What’s ahead for food and nutrition in the coming years? I hope to see more movement toward an anti-inflammatory diet. This eating plan is not truly a “diet” but rather the nutritional component of a healthy lifestyle. It recommends more fresh fruits (mostly berries) and low Gl vegetables, whole grains, and foods rich in omega-3 fats such as salmon, walnuts, and ground flax and more low-fat animal protein, lower saturated and trans fats, as well as less foods made from refined flour and sugar. Eating this way can help prevent age-related diseases linked with chronic inflammation. I think the low-carb craze is passing. But know the difference between good carbs, which are digested slowly, and lower-quality choices that are digested rapidly, raise blood sugar, and may promote weight gain. For this year, I’ll spotlight six foods to eat more often:
Berries. These small, colorful fruits are loaded with antioxidants that may help protect against cancer and oxidative damage to the eyes, brain, heart, and joints. Berries are easy on calories and brimming with fiber and phytonutrients, and they won’t cause spikes in blood sugar, either. Among them, blueberries top the antioxidant charts thanks to their powerful pigments. I prefer organic varieties.
Black cod. Increasingly available in this country, black cod might also be called butter-fish or sablefish in restaurants and fish markets. Its velvety and mild-flavored flesh is treasured in Japan. With more omega-3 fats than salmon, black cod is a good food for your heart and has low levels of mercury and PCB contaminants. Smoked sable sold at Jewish or Russian delis is black cod, a fish that can also be broiled, steamed, or grilled in miso (soybean paste). Choose black-cod products from Alaska, where it’s a sustainable resource.
Buckwheat: While considered a whole grain, buckwheat is a relative of rhubarb and contains no wheat. A slowly digested carbohydrate that’s filled with fiber, buckwheat has an earthy taste. People with wheat allergies or celiac disease can eat buckwheat grits, groats, and kernels (known as kasha) because they lack gluten. (But products made with buckwheat flour including breads and Japanese soba noodles may also contain wheat flour unless they’re labeled gluten free.)
Sweet potatoes: Let these Thanksgiving favorites grace your table year-round.
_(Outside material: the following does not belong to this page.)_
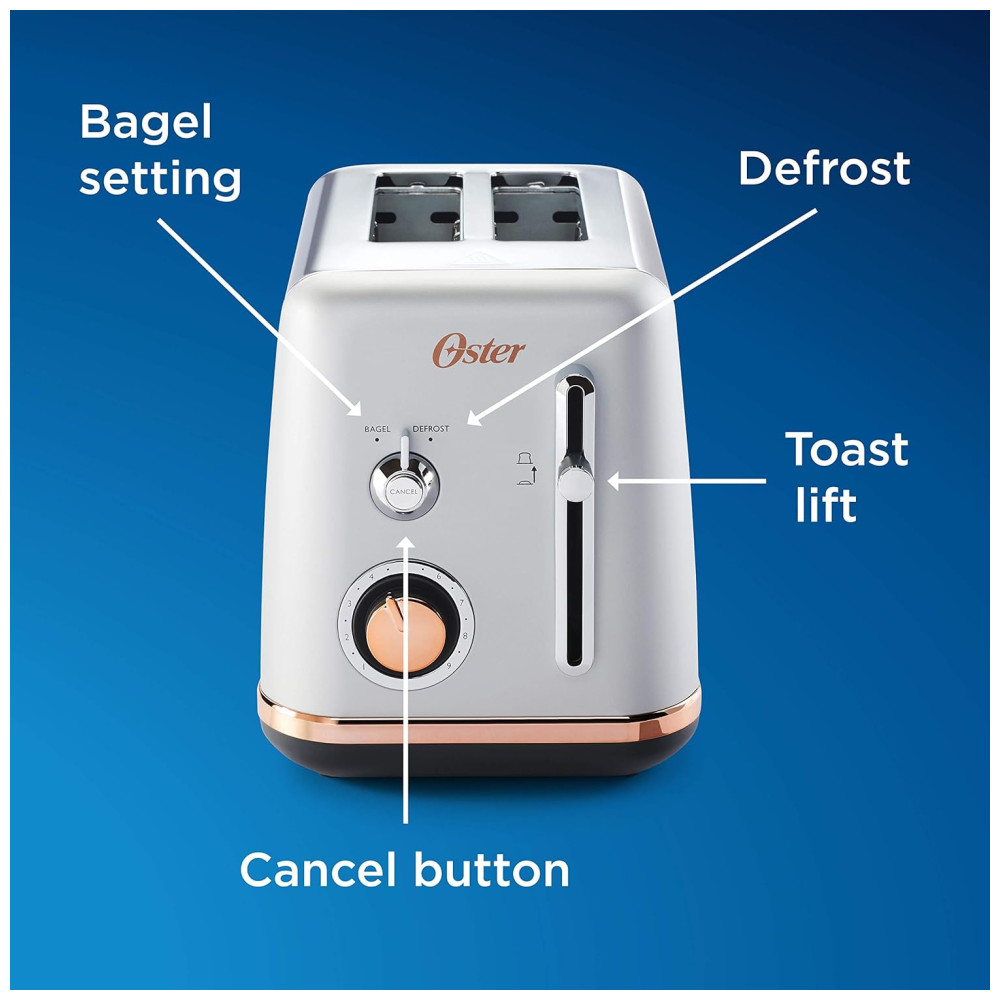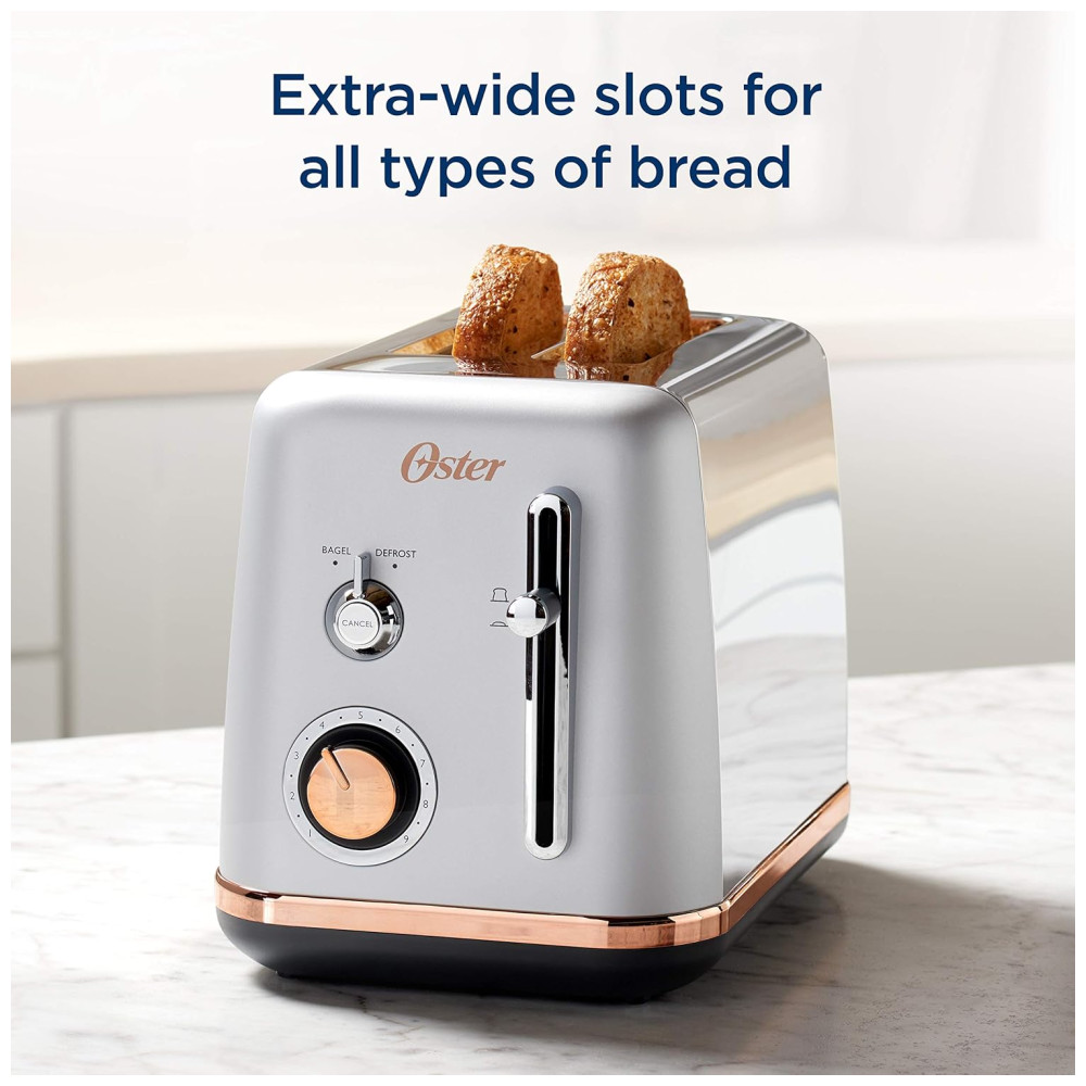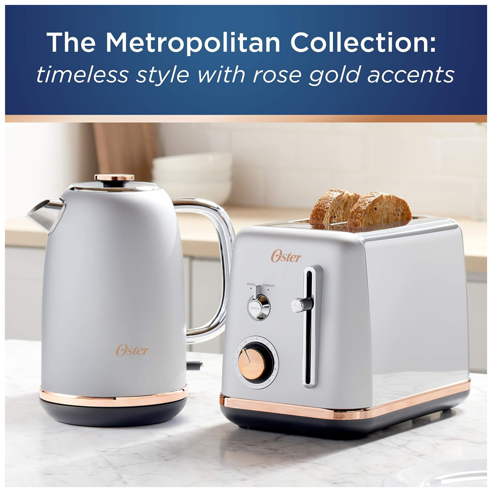 Esta torradeira Oster 2 Fatias da coleção metropolitana elegante irá melhorar qualquer decoração de cozinha com seus elegantes detalhes em ouro rosa

These yellow- and orange-fleshed vegetables earn praise as excellent sources of vitamins A ( carotenoids that preserve eye health) and C, and for their fiber if you eat the skin. A baked one has about 100 calories. Okinawans enjoy purple-fleshed sweet potatoes.
Turmeric: The color and flavor of curries and American mustard come from this yellow-orange spice that’s a staple in Indian and Asian cooking. Turmeric is being intensely studied for its anti-inflammatory and cancer-protective effects. With evidence growing for the health benefits of curcumin, turmeric’s medically active ingredient, I suggest spicing up your cooking with it now. This spring, make turmeric tea—a refreshing, unsweetened instant beverage commonly served cold in Okinawa.
Walnuts. These plant-based powerhouses of alpha-linolenic acid (an omega-3 fatty acid) and vitamin E can also supply a sweet and crunchy source of protein and fiber.
Whether you snack on a handful, mix into salads and main dishes, or chop them into baked goods, walnuts are versatile and rank as one of the most popular nuts in the world.